Track essential data quality dimensions:

Metric Purpose Example
Volume Row count thresholds metric_volume('orders', 1000, 1000000)
Null Rate Missing value detection metric_null_rate('users', 'email', 0.05)
Distinctness Cardinality validation metric_distinct_count('products', 'sku', 100, NULL)
Freshness Data recency checks metric_freshness('events', 'timestamp', INTERVAL '1 hour')
Schema Required column validation metric_schema('table', ['id', 'created_at'])

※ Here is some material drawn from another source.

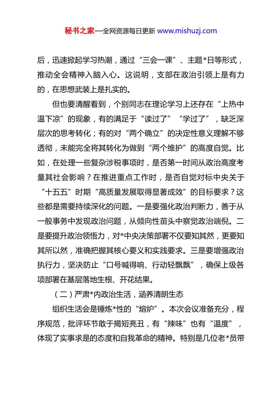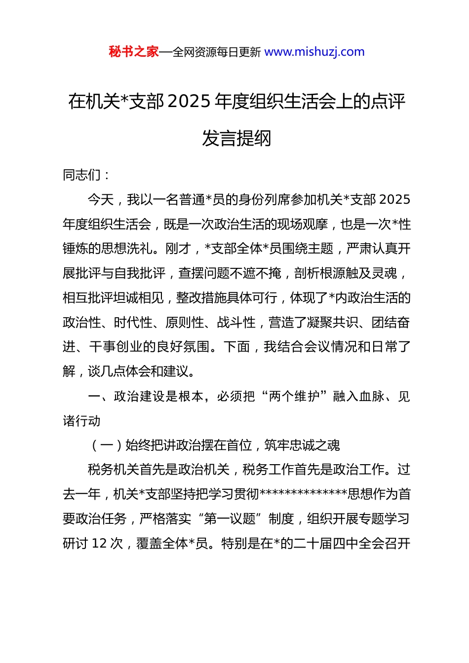 秘书之家—全网资源每日更新 www.mishuzj.com在机关*支部 2025 年度组织生活会上的点评发言提纲同志们:今天,我以一名普通*员的身份列席参加机关*支部 2025年度组织生活会,既是一次政治生活的现场观摩,也是一次*性锤炼的思想洗礼。刚才,*支部全体*员围绕主题,严肃认真开展批评与自我批评,查摆问题不遮不掩,剖析根源触及灵魂,相互批评坦诚相见,整改措施具体可行,体现了*内政治生活的政治性、时代性、原则性、战斗性,营造了凝聚共识、团结奋进、干事创业的良好氛围。下面,我结合会议情况和日常了解,谈几点体会和建议。一、政治建设是根本,必须把“两个维护”融入血脉、见诸行动(一)始终把讲政治摆在首位,筑牢忠诚之魂税务机关首先是政治机关,税务工作首先是政治工作。过去一年,机关*支部坚持把学习贯彻**************思想作为首要政治任务,严格落实“第一议题”制度,组织开展专题学习研讨 12 次,覆盖全体*员。特别是在*的二十届四中全会召开秘书之家—全网资源每日更新 www.mishuzj.com后,迅速掀起学习热潮,通过“三会一课”、主题*日等形式,推动全会精神入脑入心。这说明,支部在政治引领上是有力的,在思想武装上是扎实的。但也要清醒看到,个别同志在理论学习上还存在“上热中温下凉”的现象,有的满足于“读过了”“学过了”,缺乏深层次的思考转化;有的对“两个确立”的决定性意义理解不够透彻,未能完全将其转化为做到“两个维护”的高度自觉。比如,在处理一些复杂涉税事项时,是否第一时间从政治高度考量其社会影响?在推进重点工作时,是否自觉对标中央关于“十五五”时期“高质量发展取得显著成效”的目标要求?这些都是需要持续深化的问题。一是要强化政治判断力,善于从一般事务中发现政治问题,从倾向性苗头中察觉政治端倪。二是要提升政治领悟力,对*中央决策部署不仅要知其然,更要知其所以然,准确把握其核心要义和实践要求。三是要增强政治执行力,坚决防止“口号喊得响、行动轻飘飘”,确保上级各项部署在基层落地生根、开花结果。(二)严肃*内政治生活,涵养清朗生态组织生活会是锤炼*性的“熔炉”。本次会议准备充分,程序规范,批评环节敢于揭短亮丑,有“辣味”也有“温度”,体现了实事求是的态度和自我革命的精神。特别是几位老*员带秘书之家—全网资源每日更新 www.mishuzj.com头开展自我批评,坦诚剖析自身在传帮带作用发挥不足等问题,为年轻同志树立了榜样。但我们也要警惕形式主义的隐形变异。例如,有的同志在查摆问题时习惯于“模板化”表述,如“理论学习不够深入”“工作创新不足”等,缺乏具体事例支撑;有的相互批评仍存有“老好人”思想,点问题避重就轻,怕伤和气。这些问题虽属个别,但若不加以纠正,久而久之就会削弱组织生活的严肃性。下一步,要持续用好批评和自我批评这个武器,建立“问题清单+整改台账+销号管理”闭环机制。支部书记要履行好第一责任人职责,带头示范、严格把关,确保每次组织生活都成为思想交锋、灵魂触动的过程,真正让*员干部在组织生活中“红脸出汗”“排毒治病”。二、服务大局是使命,必须将税收职能嵌入发展全局(一)聚焦“国之大者”,精准落实政策红利2025 年,全市税务部门累计新增减税降费及退税缓费超**亿元,惠及市场主体 12.6 万户次,其中小微企业占比达83%。这些数据背后,是无数企业得以喘息、复苏、发展的生动写照。机关*支部作为政策执行的“最先一公里”,在政策解读、秘书之家—全网资源每日更新 www.mishuzj.com系统配置、宣传辅导等方面做了大量细致工作。比如,政策法规科*员牵头编制《2025 年度税费优惠操作指引》,图文并茂、通俗易懂;征收管理科*员加班加点完成金税系统参数调整,确保政策“即出即享”。这种主动担当、靠前服务的精神值得充分肯定。但也应看到,部分政策在基层落地过程中仍存在“最后一米”梗阻。有的纳税人反映,某些政策享受条件较为复杂,申报流程烦琐;有的对政策变动反应滞后,导致应享未享。这暴露出我们在政策推送的精准度、辅导的个性化方面还有提升空间。建议探索建立“政策标签画像”机制,依托大数据分析纳税人行业、...

Statistical Outlier Detection:

  • Z-Score - Parametric outlier detection (assumes normal distribution)
  • IQR - Non-parametric outlier detection (robust to distribution)
-- Find statistical outliers using IQR method
SELECT * FROM metric_iqr('transactions', 'amount', 1.5);

📖 See complete Metrics module documentation


🤖 Anomaly Detection

Isolation Forest (Enhanced)

Industry-grade anomaly detection with isotree-inspired features:

Core Capabilities:

  • Categorical Support - Auto-detect VARCHAR columns with random subset splitting
  • Extended IF (ndim) - Hyperplane splits for diagonal/curved anomaly patterns
  • Density Scoring - Alternative metric based on points-to-volume ratio
  • Sample Weights - Weighted sampling for imbalanced datasets
  • SCiForest - Information-gain guided splitting with configurable candidates
-- Basic univariate detection
SELECT * FROM metric_isolation_forest(
    'sales_data',
    'amount',
    100,        -- n_trees
    256,        -- sample_size
    0.1,        -- contamination (expected anomaly rate)
    'scores'    -- output mode: 'summary' or 'scores'
) WHERE is_anomaly = true;

-- Extended IF with hyperplane splits (ndim=3)
SELECT * FROM metric_isolation_forest_multivariate(
    'transactions',
    'amount, quantity, duration',
    100, 256, 0.1, 'scores',
    3,          -- ndim: hyperplane dimensions
    'normal',   -- coef_type: coefficient distribution
    'depth'     -- scoring_metric
);

-- SCiForest with gain-based split selection
SELECT * FROM metric_isolation_forest_multivariate(
    'customer_events',
    'purchase_amount, session_duration',
    100, 256, 0.05, 'scores',
    1, 'uniform', 'depth',
    NULL,       -- weight_column
    10,         -- ntry: split candidates
    0.5         -- prob_pick_avg_gain
);

Why Isolation Forest?

  • No distributional assumptions (works on any data shape)
  • Excellent for high-dimensional data
  • Detects both global and local anomalies
  • Fast training and prediction (O(n log n))

New Parameters (v0.2.0):

Parameter Values Description
ndim 1-N (default: 1) Dimensions for hyperplane splits
coef_type 'uniform', 'normal' Coefficient distribution
scoring_metric 'depth', 'density', 'adj_depth' Scoring method
weight_column column name Sample weight column
ntry 1-100 (default: 1) Split candidates per node
prob_pick_avg_gain 0.0-1.0 (default: 0.0) Gain-based selection probability

DBSCAN Clustering

Density-based anomaly detection for finding outliers in spatial data:

-- Univariate: find noise points in single dimension
SELECT * FROM metric_dbscan(
    'transactions',
    'amount',
    10.0,       -- eps: neighborhood radius
    5,          -- min_pts: minimum points for dense region
    'clusters'  -- output mode: 'summary' or 'clusters'
) WHERE point_type = 'NOISE';

Point Classifications:

  • CORE - Dense region centers (low anomaly score)
  • BORDER - Cluster edges (moderate anomaly score)
  • NOISE - Isolated outliers (high anomaly score: 1.0)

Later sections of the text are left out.